## [RECORD EXCERPTS]
::::::::::
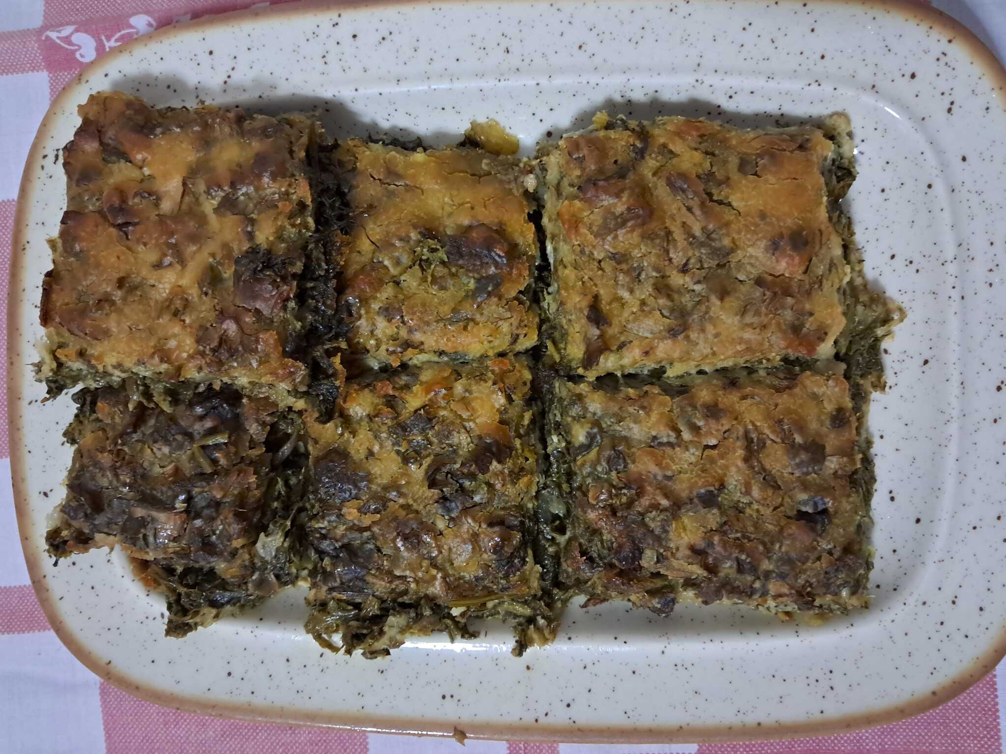Βάζουμε από πάνω το μίγμα με τα χόρτα και στο τέλος πάνω πάνω τον υπόλοιπο χυλό.
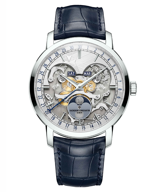 Vacheron Constantin has embellished its Traditionnelle collection with three watches in 950 platinum. The Traditionnelle Openface trio – Tourbillon Perpetual Calendar Retrograde Date, Tourbillon Retrograde Date and Complete Calendar – reveal fresh takes on the line’s signature openworked dial, a style which allows wearers to glimpse the sophistication of the movement within. The openwork embraces 18-carat gold intricately inserted with sapphire, and a hand-guilloché pattern motif inspired by the Maltese cross to mark the watchmaker’s 270th anniversary. The uniqueness of these individually numbered models is guaranteed by expert human craftsmanship that necessitates 10th-of-a-millimetre accuracy.
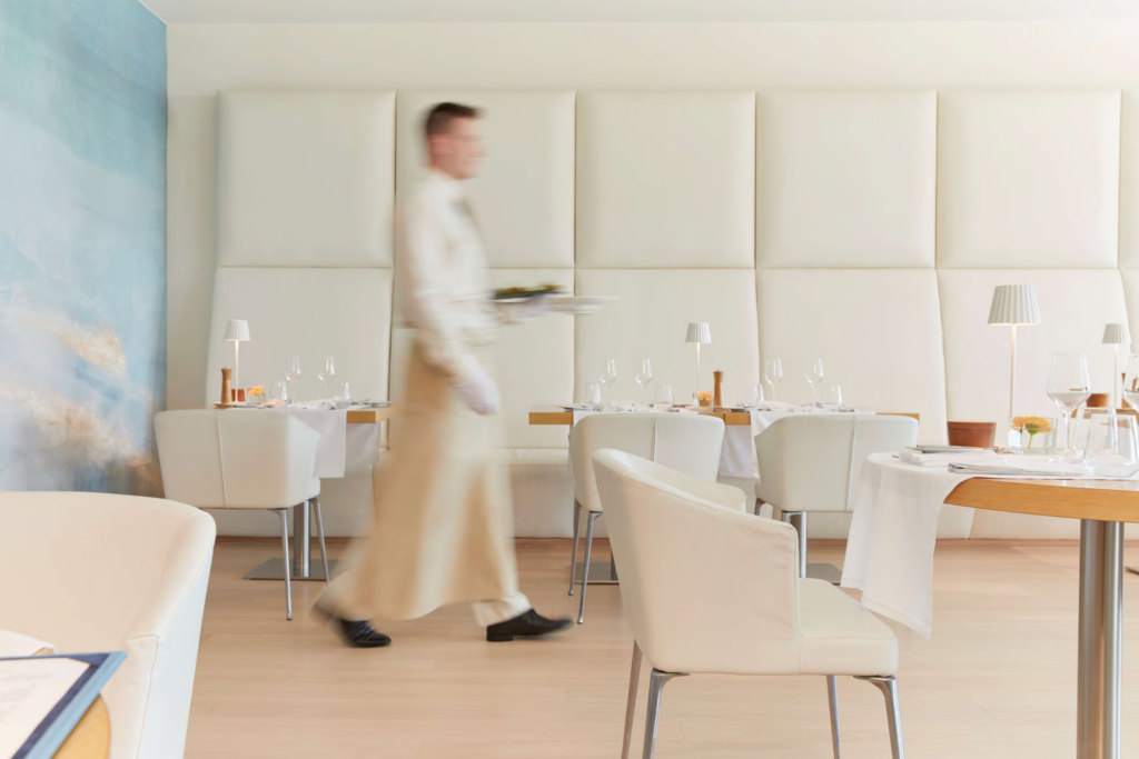 Das Design folgt einer kulinarischen Philosophie – Das helle und elegante Interieur kombiniert moderne Möbel mit authentischen Details, wie den winzigen Kristallen, die in die Bar eingelassen sind und die Salzblume symbolisieren.
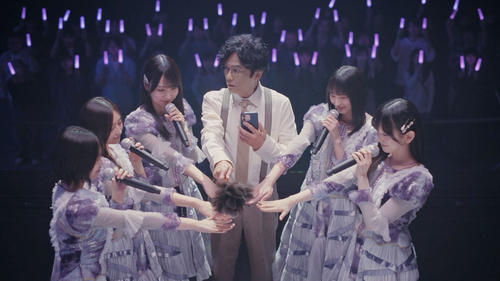 稲垣が街角の小さなニューススタンドの開店準備をしていると、突然、乃木坂46のメンバーが登場。場面が一転してライブ会場に変わったり、休憩中の乃木坂46のメンバーの中に紛れ込んだり。まるで異世界転生のように「ニュースが人々を次の場所へ連れていく」不思議な展開が描かれている。
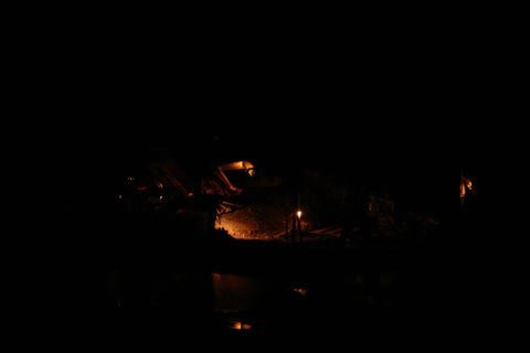 Đêm ngày 10/11/2011, chúng tôi đã được tận mắt chứng kiến những khai trường vàng tặc thắp điện thâu đêm khai thác vàng trái phép ở một loạt các xã ven sông.
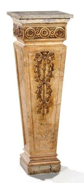 Gaine fuselée en plâtre peint à l'imitation du marbre| base moulurée et chapiteau décoré d'une frise appliquée en stuc dorée à motifs d'entrelacs. Style du XVIIIème siècle. H: 111,5 cm. Accidents et manques
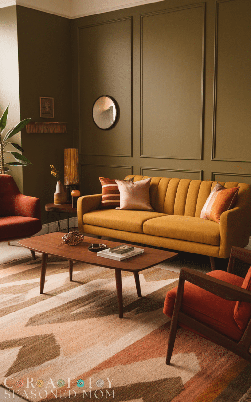 Olive green, mustard yellow, rust, and warm neutrals are classic choices for mid century modern living rooms. These colors add depth and personality while remaining calm and balanced.
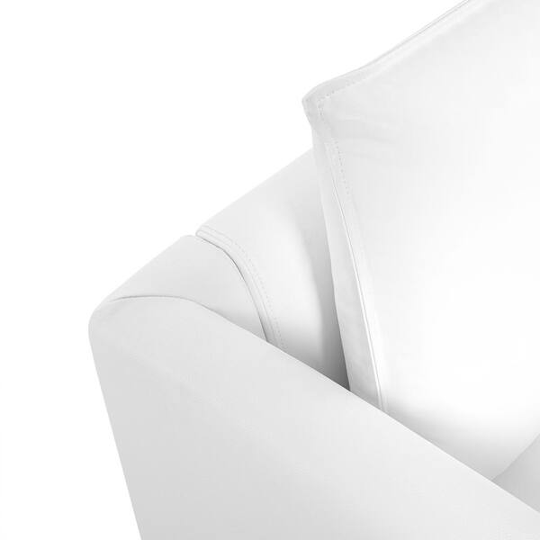 56.1 in. Straight Arm 2-piece Faux Leather Rectangle Sectional Sofa in. Bright White with Ottoman for Living Room
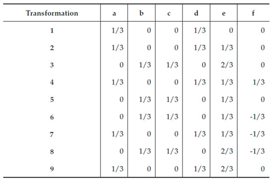 The values of the Peano set are determined by iteratively repeating a set of nine affine transformations whose values are listed below in Figure 5.
::::::::::
## [TASK BRIEF]
Pictures stay out; reproduce exactly the lines from the one containing "Olive green, mustard" through the end of the data.

## [FINISHED EXERCISE]
 Olive green, mustard yellow, rust, and warm neutrals are classic choices for mid century modern living rooms. These colors add depth and personality while remaining calm and balanced.
 56.1 in. Straight Arm 2-piece Faux Leather Rectangle Sectional Sofa in. Bright White with Ottoman for Living Room
 The values of the Peano set are determined by iteratively repeating a set of nine affine transformations whose values are listed below in Figure 5.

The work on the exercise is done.